The output is not a summary. Not a link to the original document. It is structured fields — the specific data points the fund's systems need — extracted and validated automatically.

DDQ processing at counterparty scale

Counterparty DDQs are among the most data-intensive documents in hedge fund operations. A single DDQ from a fund manager may contain 50 to 100 specific fields covering investment strategy, risk management, operational setup, and compliance. Processing a batch of 20 DDQs from counterparties involves thousands of individual data points — all requiring extraction, validation, and entry into structured systems.

Agent-based DDQ processing extracts all required fields automatically, validates them against standard DDQ schemas, and flags missing or inconsistent responses.
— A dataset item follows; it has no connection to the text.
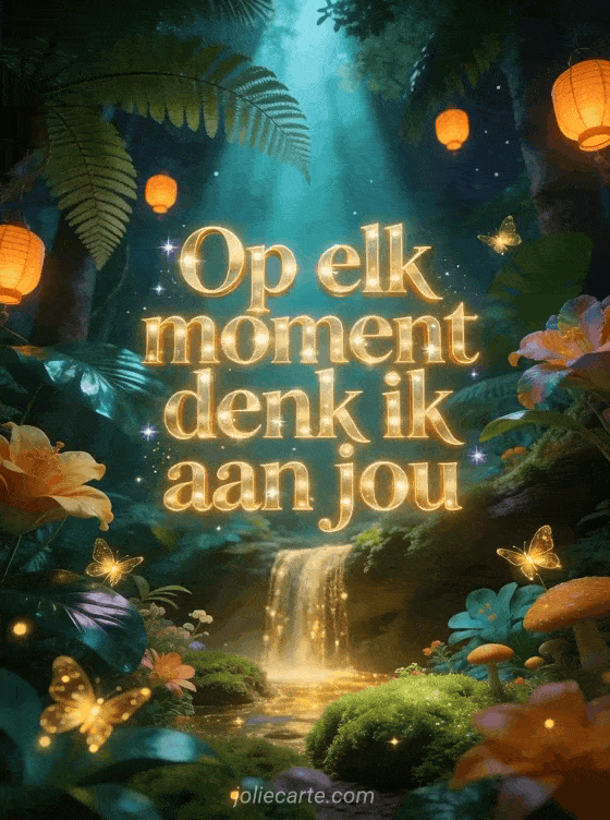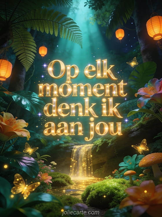 Stuur een betoverende kaart met een weelderig tropisch bos in een betoverde nacht met oranje lantaarns die tussen de bomen drijven en gouden vuurvliegjes om iemand te laten weten dat je op elk moment aan hem denkt. Bekijk ook een ik denk aan jou juweel, afbeelding vriendschap ik denk aan jou of fijne dag ik denk aan jou.

The structured output goes directly into counterparty management systems without manual re-entry. A process that previously took analysts several days per DDQ batch completes in minutes.
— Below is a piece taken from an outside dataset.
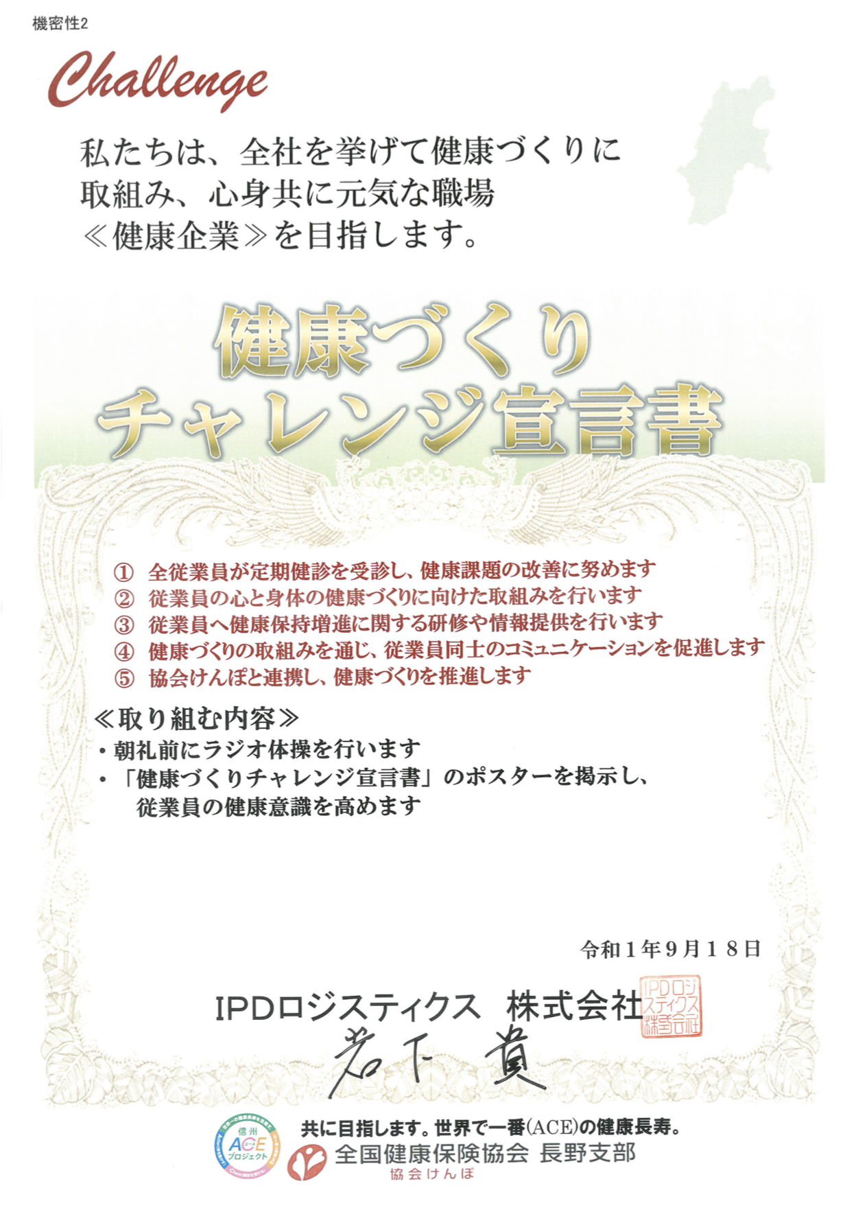 IPDは全社を挙げて健康づくりに取り組み心身ともに元気な職場《健康企業》を目指す宣言をしまして、全国健康保険協会長野県支部から認定を受けました。

Handling filing volume at portfolio scale

SEC filings — 10-Ks, 10-Qs, 8-Ks, and proxy statements — contain structured financial data that changes every reporting period. Tracking these changes across a portfolio of holdings and related entities manually means reading every filing, finding the relevant sections, extracting the figures, and entering them into models. Across a full portfolio, this is weeks of analyst time per reporting cycle.
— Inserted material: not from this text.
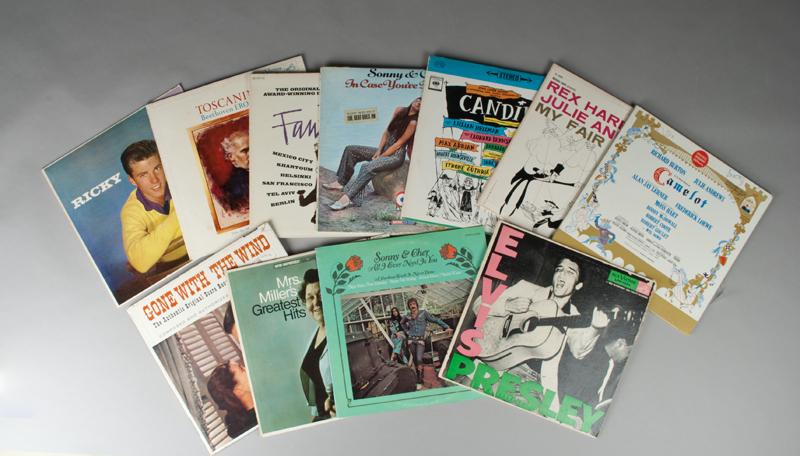 Elvis Presley RCA-Victor LPM-1254, from 1956, includes songs Blue Suede Shoes, Tutti Frutti, Blue Moon and more. Together with Sonny & Cher "All I Ever Need Is You," Mrs. Miller's "Greatest Hits," "Gone With The Wind," Richard Burton & Julie Andrews "Camelot," Rex Harrison and Julie Andrews "My Fair Lady," "Candide," Sonny & Cher "In Case You're In Love," "The Fantasticks," Tocanini "Beethoven Eroica," and Ricky Neslon "Ricky."

Agent-based filing extraction processes every filing automatically as it arrives. Data is extracted, validated, and delivered to downstream systems the same day. Quantitative models run against current data on the morning a filing is published rather than after a processing backlog clears. Changes in filing language — new risk factor additions, revisions to management outlook sections — are captured structurally rather than depending on an analyst having read the document.

What changes in practice

When document data is extracted automatically, the time between document arrival and structured data in downstream systems compresses from days to minutes. Analyst time shifts from data extraction to the analysis that actually requires their expertise. Coverage expands because automated extraction is not constrained by analyst capacity. Data quality improves because schema validation catches extraction errors that manual entry misses.

The data infrastructure that quantitative and fundamental workflows depend on becomes current, consistent, and complete — rather than a function of how many documents the team had capacity to process this week. ZetaRun's agentic data platform is built for exactly this — processing SEC filings, 10-Ks, 10-Qs, counterparty DDQs, and fund documents automatically for hedge fund teams.